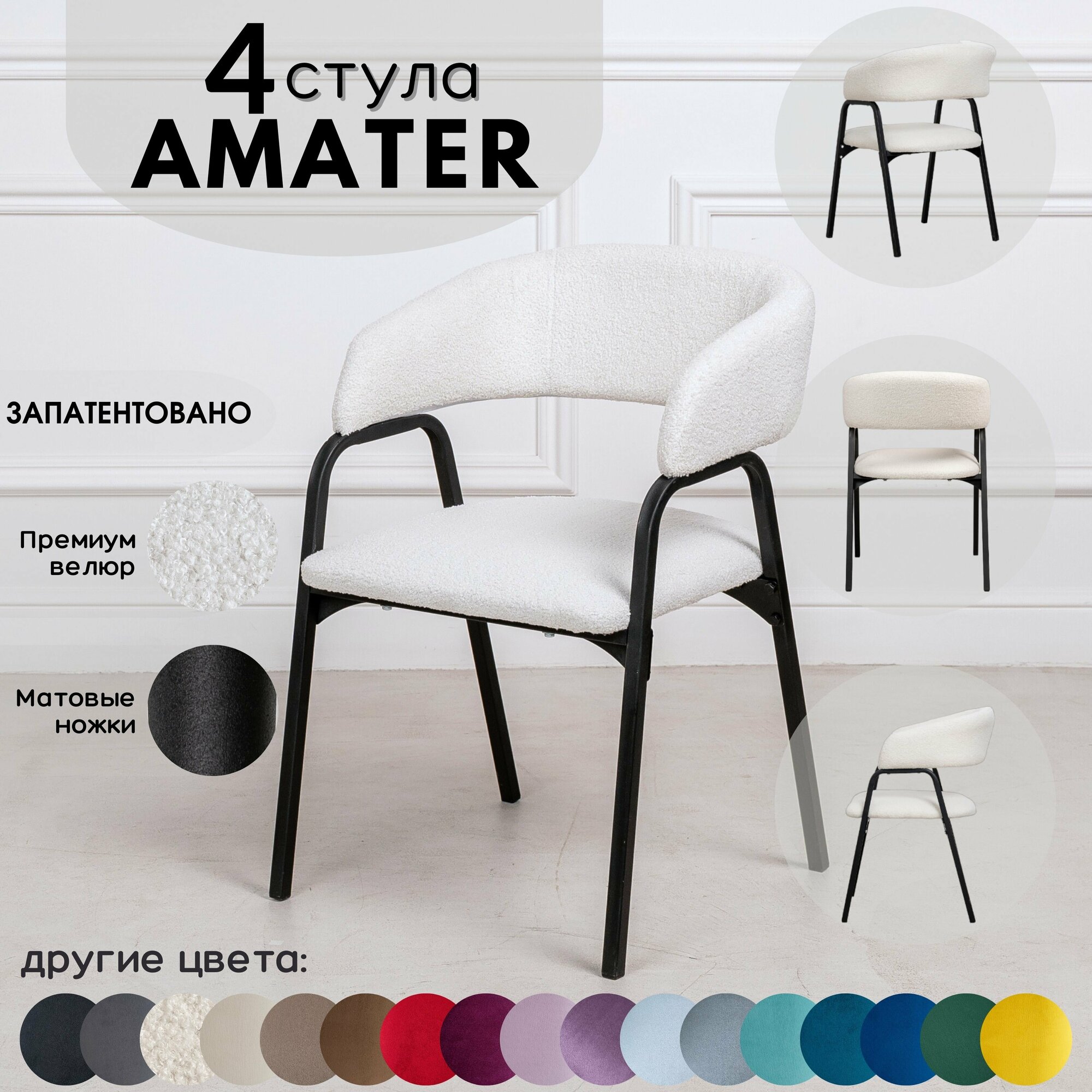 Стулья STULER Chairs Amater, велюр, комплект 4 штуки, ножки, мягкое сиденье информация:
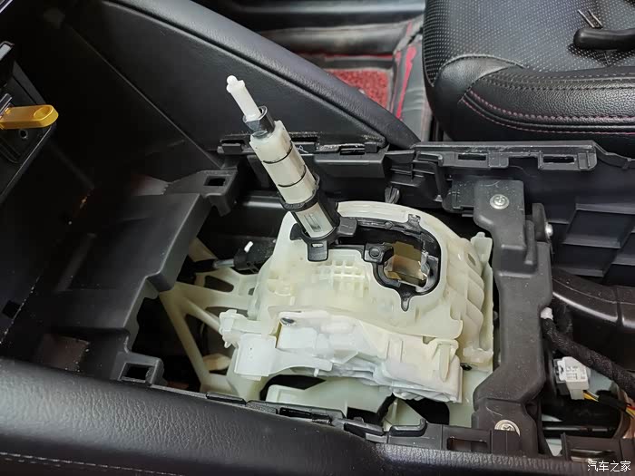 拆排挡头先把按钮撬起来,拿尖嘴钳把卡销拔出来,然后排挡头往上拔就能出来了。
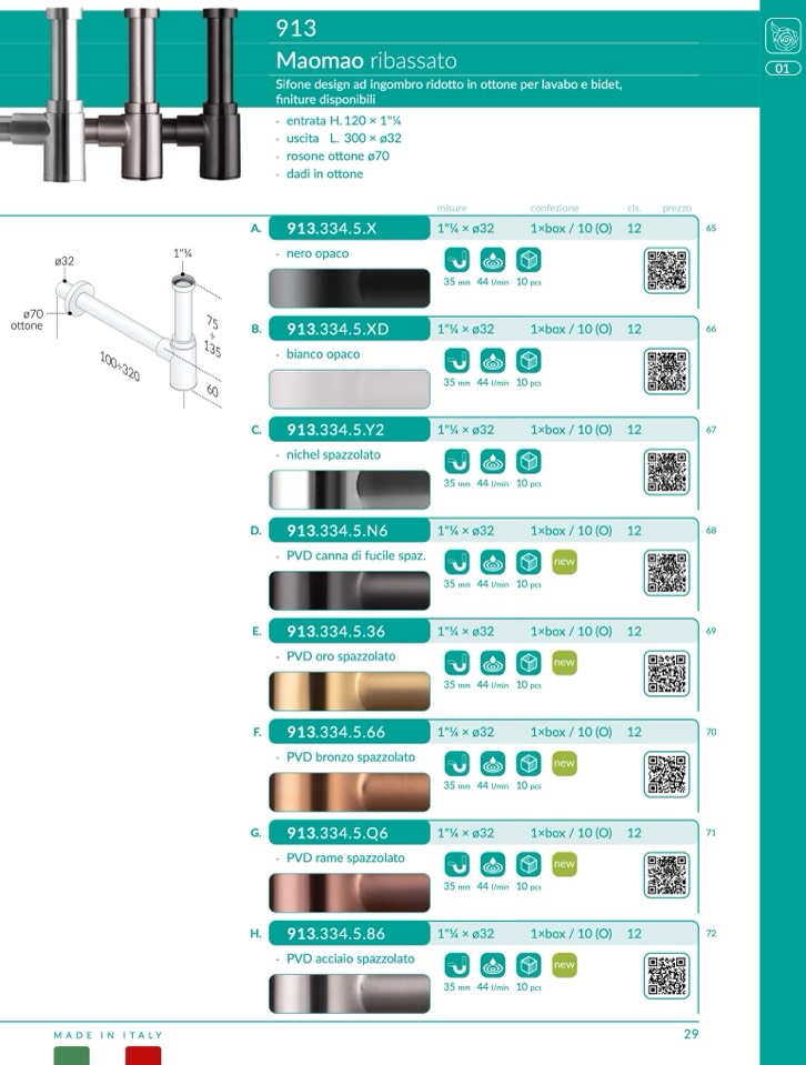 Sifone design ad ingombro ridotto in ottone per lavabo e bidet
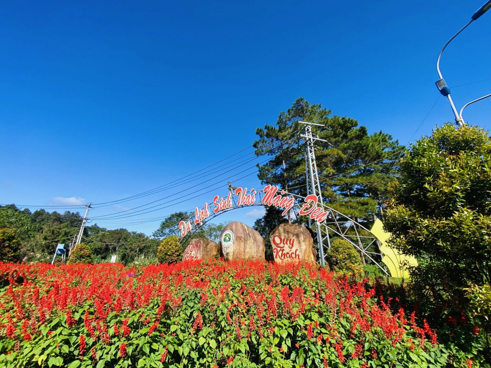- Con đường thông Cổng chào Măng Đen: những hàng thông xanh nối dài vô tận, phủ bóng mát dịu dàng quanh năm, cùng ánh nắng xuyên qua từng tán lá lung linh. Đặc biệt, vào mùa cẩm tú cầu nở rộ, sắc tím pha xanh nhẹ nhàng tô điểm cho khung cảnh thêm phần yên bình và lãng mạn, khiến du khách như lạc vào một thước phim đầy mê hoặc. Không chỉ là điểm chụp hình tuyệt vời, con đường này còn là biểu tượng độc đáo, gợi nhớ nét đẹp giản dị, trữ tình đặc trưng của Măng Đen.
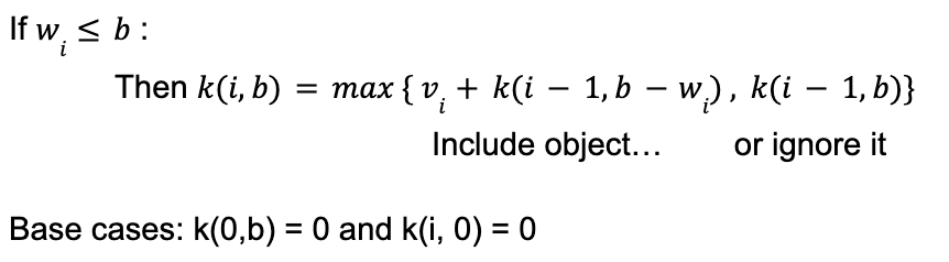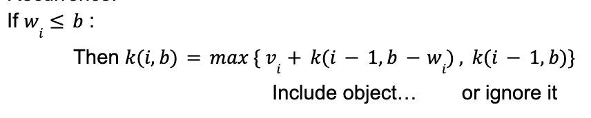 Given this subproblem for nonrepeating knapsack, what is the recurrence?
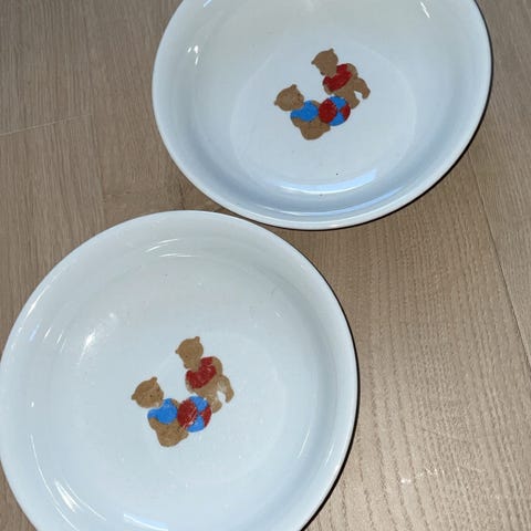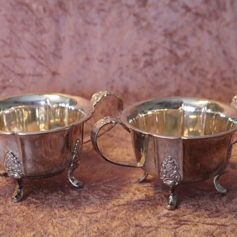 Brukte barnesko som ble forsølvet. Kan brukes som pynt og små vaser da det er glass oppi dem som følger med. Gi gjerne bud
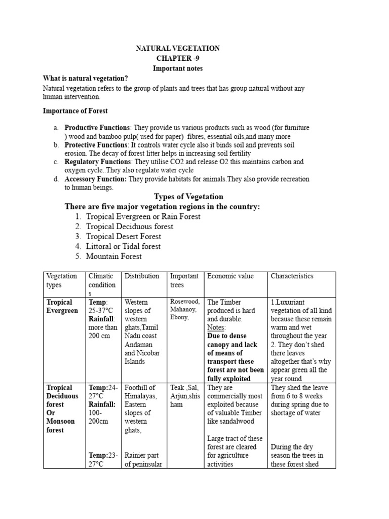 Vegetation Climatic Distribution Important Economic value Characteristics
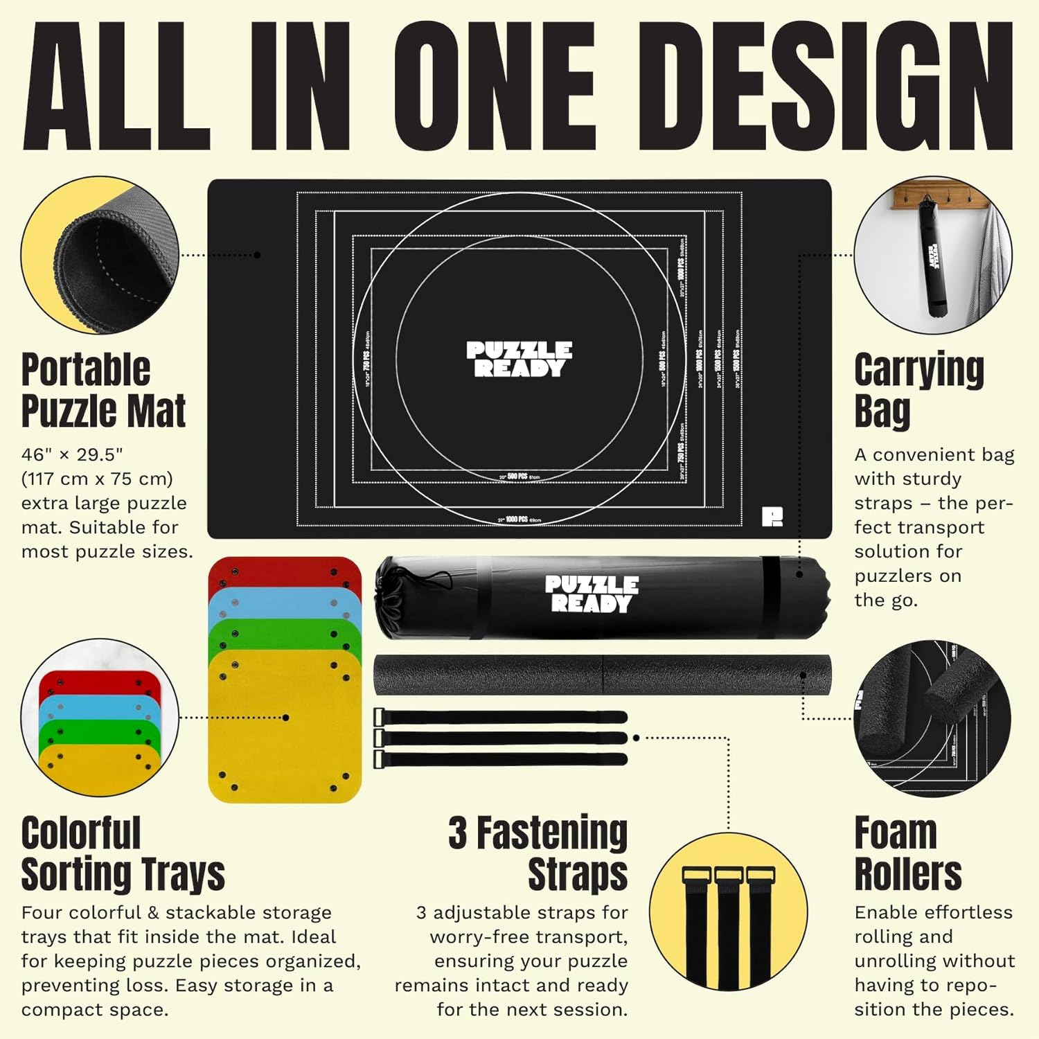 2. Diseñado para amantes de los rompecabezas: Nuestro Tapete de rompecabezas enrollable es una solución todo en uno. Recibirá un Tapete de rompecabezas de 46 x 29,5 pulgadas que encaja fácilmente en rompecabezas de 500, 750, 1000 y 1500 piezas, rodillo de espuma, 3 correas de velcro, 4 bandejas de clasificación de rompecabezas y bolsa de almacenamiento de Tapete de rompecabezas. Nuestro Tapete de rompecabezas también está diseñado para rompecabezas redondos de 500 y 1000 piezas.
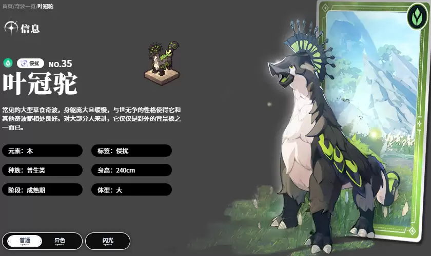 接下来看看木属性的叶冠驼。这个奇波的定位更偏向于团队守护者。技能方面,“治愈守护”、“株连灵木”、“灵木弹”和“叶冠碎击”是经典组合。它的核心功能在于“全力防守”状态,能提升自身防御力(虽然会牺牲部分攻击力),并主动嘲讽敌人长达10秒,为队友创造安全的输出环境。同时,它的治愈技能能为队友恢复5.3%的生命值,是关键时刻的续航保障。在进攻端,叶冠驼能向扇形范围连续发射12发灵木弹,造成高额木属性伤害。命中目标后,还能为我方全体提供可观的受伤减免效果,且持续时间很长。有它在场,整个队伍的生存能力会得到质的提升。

§ §

• **Task item**
Leave out the pictures, and retype exactly the lines from the one containing "Brukte barnesko som" through the final line of the data.

• **Result**
 Brukte barnesko som ble forsølvet. Kan brukes som pynt og små vaser da det er glass oppi dem som følger med. Gi gjerne bud
 Vegetation Climatic Distribution Important Economic value Characteristics
 2. Diseñado para amantes de los rompecabezas: Nuestro Tapete de rompecabezas enrollable es una solución todo en uno. Recibirá un Tapete de rompecabezas de 46 x 29,5 pulgadas que encaja fácilmente en rompecabezas de 500, 750, 1000 y 1500 piezas, rodillo de espuma, 3 correas de velcro, 4 bandejas de clasificación de rompecabezas y bolsa de almacenamiento de Tapete de rompecabezas. Nuestro Tapete de rompecabezas también está diseñado para rompecabezas redondos de 500 y 1000 piezas.
 接下来看看木属性的叶冠驼。这个奇波的定位更偏向于团队守护者。技能方面,“治愈守护”、“株连灵木”、“灵木弹”和“叶冠碎击”是经典组合。它的核心功能在于“全力防守”状态,能提升自身防御力(虽然会牺牲部分攻击力),并主动嘲讽敌人长达10秒,为队友创造安全的输出环境。同时,它的治愈技能能为队友恢复5.3%的生命值,是关键时刻的续航保障。在进攻端,叶冠驼能向扇形范围连续发射12发灵木弹,造成高额木属性伤害。命中目标后,还能为我方全体提供可观的受伤减免效果,且持续时间很长。有它在场,整个队伍的生存能力会得到质的提升。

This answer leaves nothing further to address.